§ Data provided:

= Beginning of Section =

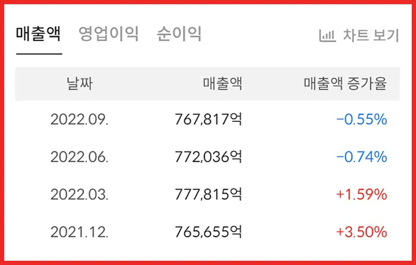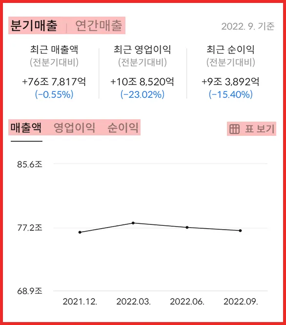 좌측중간의 매출액 | 영업이익 | 순이익 탭버튼을 통해 조회할 재무정보를 손쉽게 볼 수 있습니다.
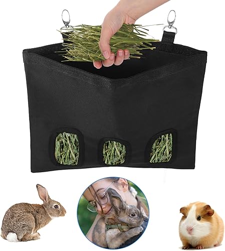 Collapsible and Easy to Use: Our rabbit hay bag is foldable and soft, lightweight, easy to be carried and stored, save your guinea pigs space. No tool required, any the hay feeder features convenient snap closures, just simply pull 2 hay bag for guinea pigs' metal hooks through the cage and snap on, keep it secure to the cage, fit for hung on most wire cage or a rope. Guinea pig hay bag's large capacity means that you only need to grass in bunny hay bag once a day and your pets will be full.
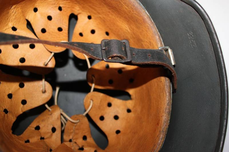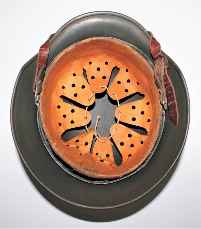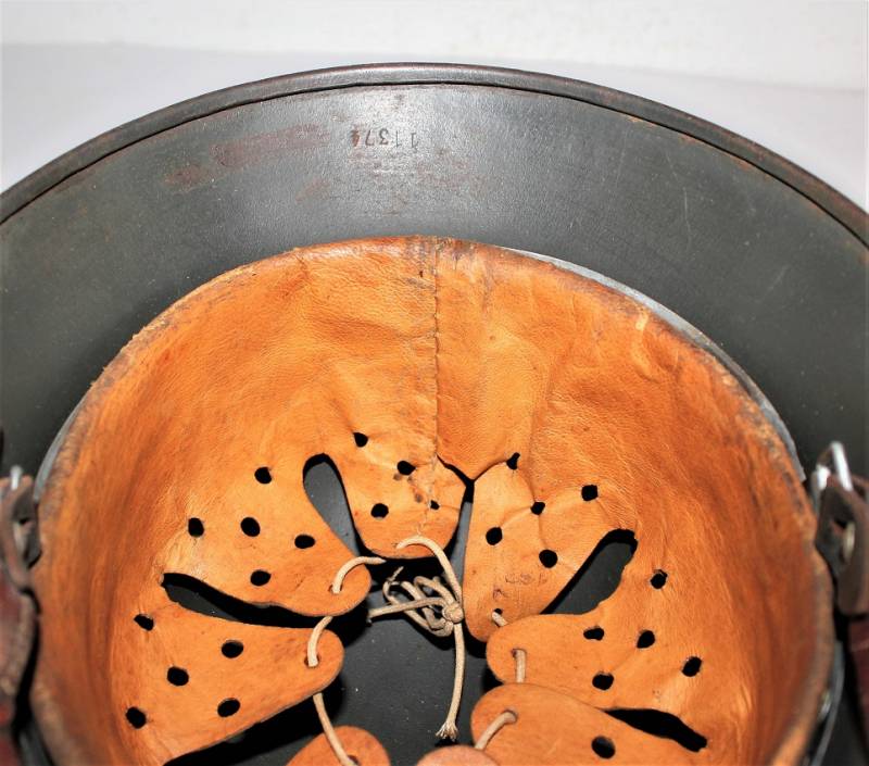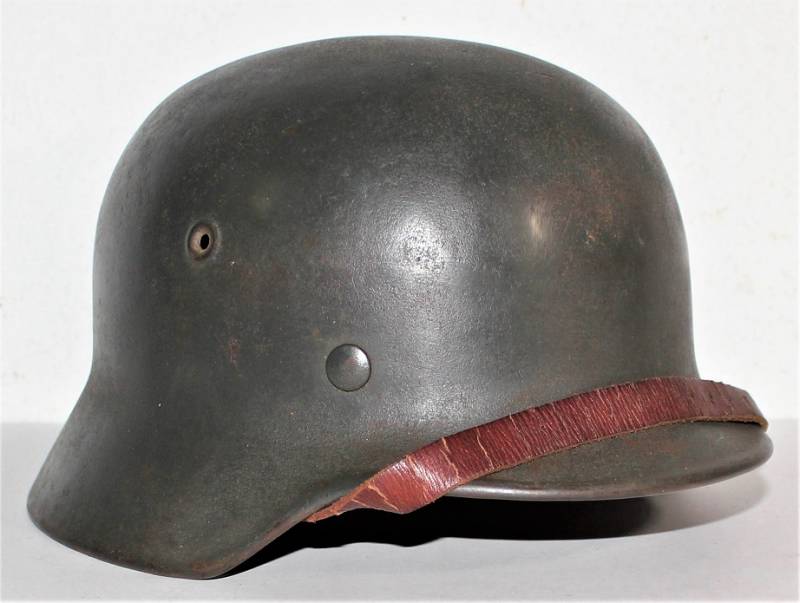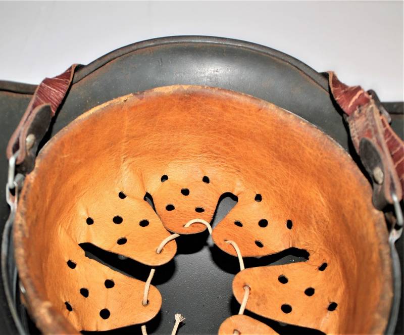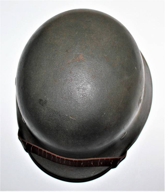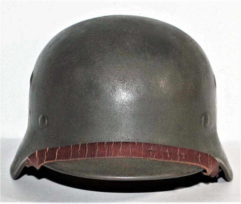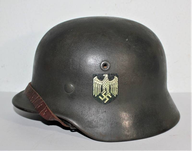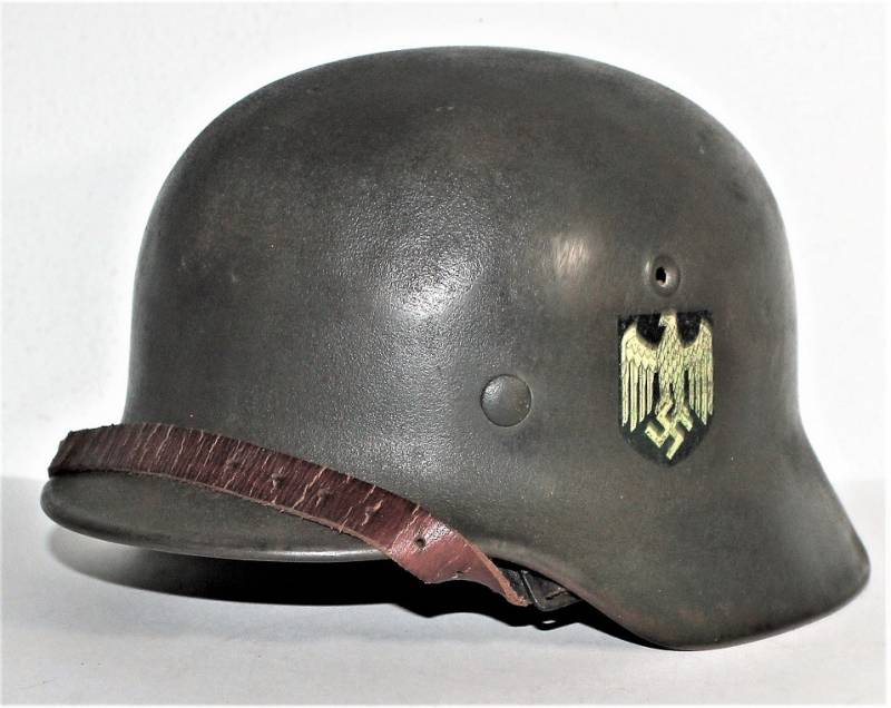 Helmet M40 singoldekal of the WH born in wrinkled feldgrau green color with 95% paint in excellent condition, with a light patina of time and use, not restored or repaired, complete in all its parts, liner and chinstrap never disassembled, liner leather in Excellent condition, still soft and not damaged, only patinated from use, chinstrap marked with the name of the manufacturer and the date 1942, decal in excellent condition 95% only lightly patinated by time, iron marked with manufacturer code E.F.62 and lot numbers, size of the skin about 55.

= End of Section =

§ The problem: The lines to write out are those from the first line of the listing above through the line bearing "Collapsible and Easy", both included, copied exactly with pictures dropped.

§ Final answer:
 좌측중간의 매출액 | 영업이익 | 순이익 탭버튼을 통해 조회할 재무정보를 손쉽게 볼 수 있습니다.
 Collapsible and Easy to Use: Our rabbit hay bag is foldable and soft, lightweight, easy to be carried and stored, save your guinea pigs space. No tool required, any the hay feeder features convenient snap closures, just simply pull 2 hay bag for guinea pigs' metal hooks through the cage and snap on, keep it secure to the cage, fit for hung on most wire cage or a rope. Guinea pig hay bag's large capacity means that you only need to grass in bunny hay bag once a day and your pets will be full.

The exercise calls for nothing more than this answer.